Unos minutos más tarde, Ribalta se disculpaba.

—Chica, lo siento —dijo señalando con la mano los cristales, como si en el jardín se acumulasen diversas causas de retraso—. No sé qué ha ocurrido hoy, estoy cargado de trabajo.

Francesc Ribalta se había hecho rogar media hora, que era un tiempo muy superior al límite que ella, cuando llevaba una vida normal, se imponía como tolerable.

—Te ubicaremos en el pabellón de crónicos, aquí no hay sitio, ya sabes cómo estamos en los hospitales —le anunció mientras la cogía del brazo y la conducía al vestíbulo.

La llevaban al pabellón de la muerte, el edificio que siempre le había producido angustia, tan solitario, tan tétrico en aquel rincón sombrío del parque. Tuvo la impresión de que Frankenstein la miraba con lástima: era un paquete que había que colocar. Seguro que le había tocado ir de puerta en puerta por todo el servicio y, al final, el bulto había ido a parar al vertedero del hospital. Salieron a las escaleras del jardín. Caminaban deprisa y en silencio. Sólo se oía el crujido de la tierra bajo los zuecos. Francesc rompió el hielo utilizando medidas de asepsia.

—Nos irá muy bien que nos eches una mano con las historias. Eres la persona oportuna que llega en el momento adecuado.

El tono fue lineal y la mirada, lejana. Marina se preguntaba qué versión de las razones de su exilio habría llegado a sus oídos. Miró de reojo el perfil amable del nuevo tutor y calculó que era una de las personas cuyo pensamiento resultaba más difícil adivinar.

El pabellón de crónicos era un edificio del siglo XIX, con dos plantas y grandes ventanales, que culminaba en una espléndida cúpula de mosaico que representaba las escamas del dorso de un dragón. No obstante, las baldosas estaban tan desportilladas y descoloridas que el animal, más que amenazador, parecía viejo y decrépito. Ribalta se cruzó con una enfermera en la rampa de entrada. Era una mujer de mediana edad con el cabello recogido con una pinza y ojos alegres.

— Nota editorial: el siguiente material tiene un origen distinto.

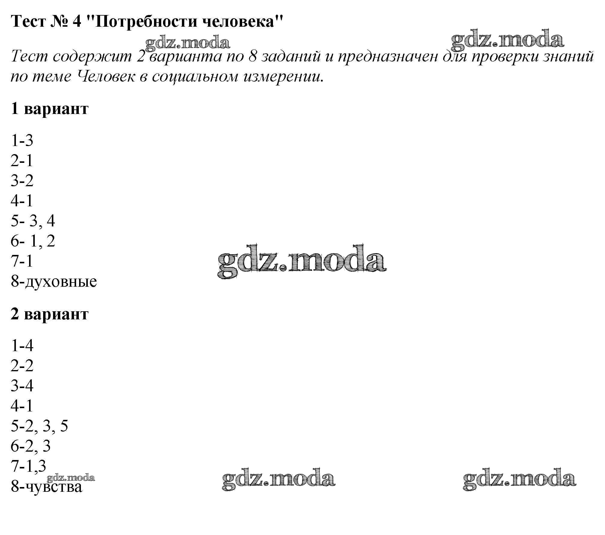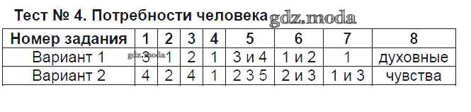 ОТВЕТ на задание № Тест №4. Потребности человека Тесты по Обществознанию 6 класс Коваль УМК
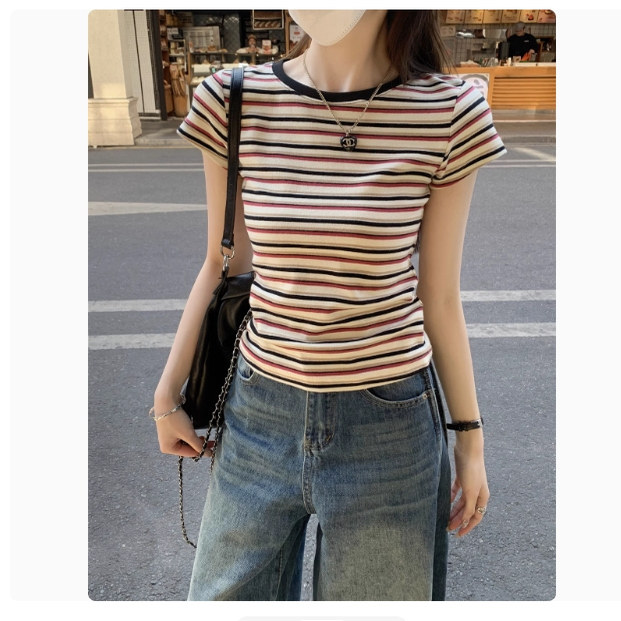 圆领上衣显瘦夏装2024r年新款夏季学生短袖t恤女夏天女装韩版宽松
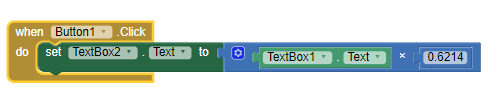 Çarpma bloğunun sol kutucuğu içerisine Texbox1.text bloğunu sağ kutucuğa ise 0.6214 sabit sayısını yazalım.

—Primi, ésta es Marina. Ya te comenté que pasaría una temporada con nosotros.

—¡Bienvenida! —la saludó risueña, mientras se daba la vuelta en dirección al hospital—. Y no te asustes, son inofensivos.

Sin embargo, Marina ya oía los gemidos desde el pasillo y, cuando abrieron la puerta de la sala, se le cayó el alma a los pies.

—Aquí tendrás más sitio y estarás más tranquila. —Y el médico le mostró orgulloso un panorama desolador de muertos vivientes, que no le ofrecía ninguna esperanza de comodidad ni de sosiego.

Sondas, sueros, sillas de ruedas, andadores y camas articuladas se esparcían en lo que parecía ser el reino de la ortopedia. La sala central disponía de unas cuantas mesas a cuyo alrededor se distribuían los enfermos. Una decena de habitaciones se abrían a este espacio y se completaban con unas cuantas más en el piso superior. Los enfermos parecían ausentes y no les extrañó ver a una persona nueva en la sala. Era evidente que nadie protestaría por su presencia, porque con un poco de suerte ni siquiera la advertirían.

Y allí se quedó, perfectamente instalada en la salita de enfermería, con un montón de historias para revisar, junto a un ordenador de la vieja escuela, entre baldosas blancas y olores confusos.

* * *

Desde entonces habían transcurrido dos días que parecían dos eternidades. Primi, con los dos auxiliares peruanos, Flor y Hernando, la debían ver muy distante, porque únicamente le pedían ayuda cuando no quedaba más remedio, por ejemplo, cuando hacían falta brazos y manos para mover a un enfermo. Habían hecho algún intento de aproximación por si quería acompañarles a sacar a los chicos al jardín o a tomar un café. Pero Marina no quería integrarse. Lo que quería era marcharse de allí. Ya no pensaba en la compasión que había sentido por aquellos enfermos, ni en el cambio de vida que se había propuesto. Mejor dicho, sí se acordaba, pero se retractaba absolutamente.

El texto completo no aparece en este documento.